Researchers from Columbia University; the Molecular Foundry at the U.S. Department of Energy’s Lawrence Berkeley National Laboratory; and the University of Utah have invented new nanoscale sensors of force. They are luminescent nanocrystals that can change intensity and/or color when you push or pull on them. These "all-optical" nanosensors are probed with light only and therefore allow for fully remote read-outs—no wires or connections are needed. The nanosensors have an operational range that spans more than four orders of magnitude in force – a much larger range than any previous optical nanosensor.

Bright, twisted light can be produced with technology similar to an Edison light bulb, researchers at the University of Michigan have shown. Usually photons from a blackbody source (which is in thermodynamic equilibrium with its environment) are randomly polarized – their waves may oscillate along any axis. The new study revealed that if the emitter was twisted at the micro or nanoscale, with the length of each twist similar to the wavelength of the emitted light, the blackbody radiation would be twisted, too. This discovery adds nuance to fundamental physics while offering a new avenue for robotic vision systems and other applications for light that traces out a helix in space.

Researchers from Georgia Tech, Emory University, and the University of California, Davis, have created a technique that could lead to new, less-invasive treatments for blood disorders and genetic diseases. "This would be an alternative to invasive hematopoietic stem cell therapies – we could just give you an IV drip," said James Dahlman, one of the researchers involved in this study. "It simplifies the process and reduces the risks to patients.” The procedure uses lipid nanoparticles that carry genetic instructions to hematopoietic stem cells, but unlike current therapies, in this procedure, the nanoparticles don’t have targeting ligands, and they can dodge the liver, which acts as the body's primary blood filter.

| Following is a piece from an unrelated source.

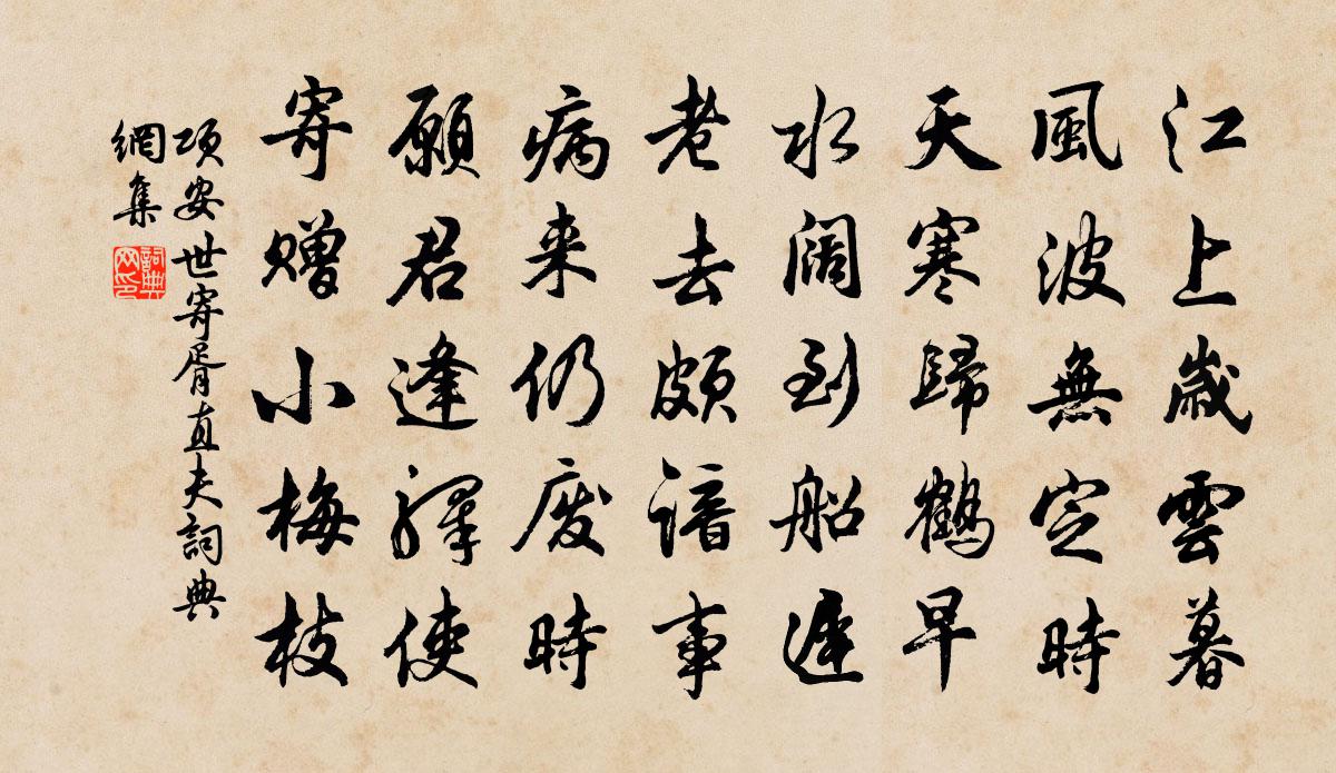 詩詞名句歷史字典書法欣賞書法字典國語詞典說文解字康熙字典古漢語字典標 題 作 者 詩 句 寄胥直夫作者:項安世 朝代:宋代寄胥直夫原文江上歲雲暮,風波無定時。天寒歸鶴早,水闊到船遲。老去頗諳事,病來仍廢時。願君逢驛使,寄贈小梅枝。詩詞問答問:寄胥直夫的作者是誰?答:項安世問:寄胥直夫寫於哪個朝代?答:宋代項安世寄胥直夫書法欣賞寄胥直夫書法作品詩詞推薦同年楊謹仲教授以詩慶予得郡次韻二首周必大〔宋代〕謬向初元從九旒,坐狂朝跡自宜收。虛名誰競兩蝸角,懶性敢居千騎頭。聞道宵衣勞聖主,有時夜舞憶神州。二千題翠蛟亭胡榘〔宋代〕山英藏水巧能欺,動地雷聲發駭機。驚看玉淵千浪聳,挽回銀浦一支飛。流霞未引松花酒,湔雪先霑槲葉衣。坐覺南鄉子吳潛〔宋代〕野景有誰收,只在蒼鷗白鷺洲。風樹飄搖雲樹暗,衣颼。目斷青天天際頭。壯志世難酬,丹桂紅蕖又晚秋。多少心賀新郎(十三日,小園梅枝微紅點綴,便覺可句)韓淲〔宋代〕梅蕊依稀矣。歲華深、然但把,杖藜閒倚。山繞荒林紅葉下,落日孤城煙水。意興寄、云何則是。底事疏枝橫絕峭李監宅杜甫〔唐代〕尚覺王孫貴,豪家意頗濃。屏開金孔雀,褥隱繡芙蓉。且食雙魚美,誰看異味重。門闌多喜色,女婿近乘龍。木蘭花慢楊子鹹〔宋代〕紫凋紅落後,忽十丈,玉虬橫。望眾綠幃中,藍田璞碎,鮫室珠傾。柔條系風無力,更不禁、連日峭寒清。空與蝶偈頌一百零九首釋可湘〔宋代〕摩胸告,展腳示。有來由,沒巴鼻。佛滅二千年,比丘少慚愧。陳總領輓詩三首魏了翁〔宋代〕舉頭西日遠,滿扇北塵污。病已關心腹,吾何愛髮膚。彎名逃越難,微服過商都。忽復天開霽,依然只故吾。歲暮江軒寄盧端公趙嘏〔唐代〕積水生高浪,長風自北時。萬艘俱擁棹,上客獨吟詩。路以重湖阻,心將小謝期。渚雲愁正斷,江雁重驚悲。笑憶謁金門沈端節〔宋代〕春欲去。人瘦不勝金縷。門巷陰陰飛絮舞。斷腸雙燕語。孤坐晚窗閒處。月 * 亭午。寒色著人無意緒。竹鳴風句宋敏求〔宋代〕林腰似瀉瑰,水面如融汞。仙遊潭五首玉女洞蘇轍〔宋代〕洞門蒼蘚合,逼仄不容身。傳有虛明處,中藏窈窕人。吹笙橋上月,拾翠洞南春。往往來山下,蕭然雨灑塵。同鄔戴關中旅寓錢起〔唐代〕文士皆求遇,今人誰至公。靈台一寄宿,楊柳再春風。更惜忘形友,頻年失志同。羽毛齊燕雀,心事阻鴛鴻。留滯八公山王安石〔宋代〕淮山但有八公名,鴻寶燒金竟不成。身與仙人守都廁,可能雞犬得長生。訴衷情侯善淵〔元代〕林泉退隱作生涯。寂寞棄繁華。中山翠微仙子,滿目泛靈砂。凝素液,混丹霞。坼瑤葩。雲濤煙浪,島外方壺,那玉樓春石孝友〔宋代〕井花暖處新陽動。節物撩人添倥傯。寒齏冰齒暈輕澌,敗絮粟肌慳短夢。文章徹了成何用。悶撥爐灰窺飯瓮。尋思悼雲泉勤庵王曾幾〔宋代〕正坐長齋早得衰,中年一病莫醫治。懸知水複山重地,難度風饕雪虐時。乘興前村曾有約,寄聲絕頂可無詩。禪房送汲鵬賈島〔唐代〕淮南臥理後,復逢君姓汲。文采非尋常,志願期卓立。深江東泛舟,夕陽眺原隰。夏夜言詩會,往往追不及。肅客借重金紫綬袁說友〔宋代〕平生青紫濫於身,更冒金章肅使賓。何以假為誠豈敢,烏知非有笑無因。猨狙自是羞華服,鵷鷺姑容接後塵。回首和吉父贈谹父詩王洋〔宋代〕瘧有黎邱競出奇,操矛不報主人知。問渠去處終無定,與我周旋便有期。貧似淵明猶愛酒,瘦如工部只緣詩。但教名句推薦青天有月來幾時?我今停杯一問之。李白《把酒問月·故人賈淳令予問之》 不求金玉重重貴,但願兒孫個個賢。佚名《增廣賢文·上集》 潯陽江頭夜送客,楓葉荻花秋瑟瑟。白居易《琵琶行 / 琵琶引》 秋天一夜靜無雲,斷續鴻聲到曉聞。張仲素《秋閨思二首》 傷情燕足留紅線,惱人鸞影閒團扇。張可久《塞鴻秋·春情》 為山九仞,功虧一簣。佚名《尚書·周書·旅獒》 泠泠七弦上,靜聽松風寒。劉長卿《聽彈琴》 出於其類,拔乎其萃。孟子《孟子·公孫丑章句上·第二節》 但從今、記取楚樓風,裴台月。辛棄疾《滿江紅·漢水東流》 微雨眾卉新,一雷驚蟄始。韋應物《觀田家》
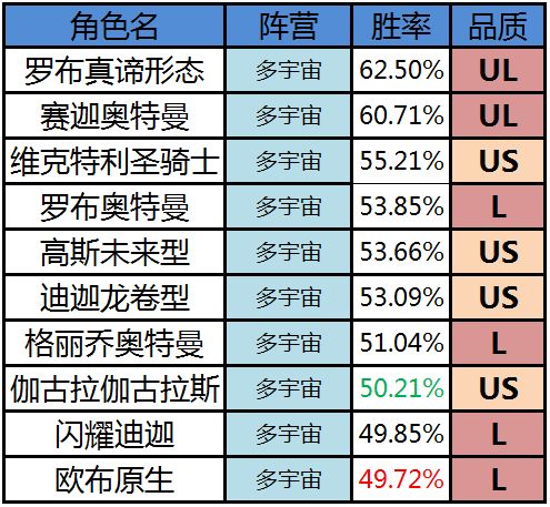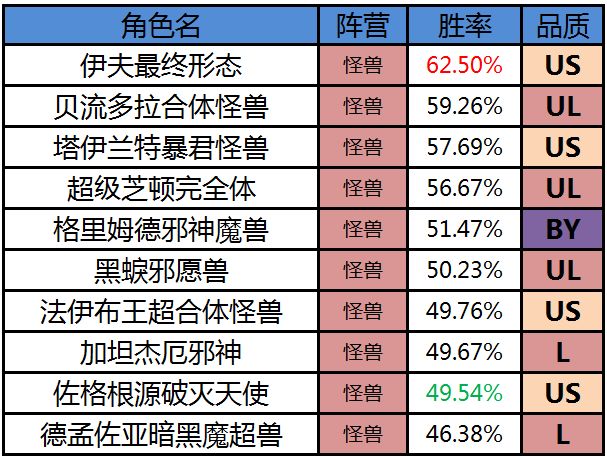 (胜率上升最大的角色用了红色字体表示,胜率下降最大的角色用了绿色字体表示)

Engineers from the Massachusetts Institute of Technology; The University of Texas at Dallas; Sungkyunkwan University in Suwon-si, South Korea; and the Samsung Advanced Institute of Technology in Suwon, South Korea, have created a multilayered chip design that doesn’t require any silicon wafer substrates and works at temperatures low enough to preserve the underlying layer’s circuitry. The multilayered chip consists of alternating layers of two different transition metal dichalcogenides (a type of 2D material): molybdenum disulfide, a promising material candidate for fabricating n-type transistors; and tungsten diselenide, a material that has potential for being made into p-type transistors. Both p- and n-type transistors are the electronic building blocks for carrying out any logic operation. The method will double the density of a chip’s semiconducting elements, particularly metal-oxide semiconductor (CMOS), which is a basic building block of a modern logic circuitry.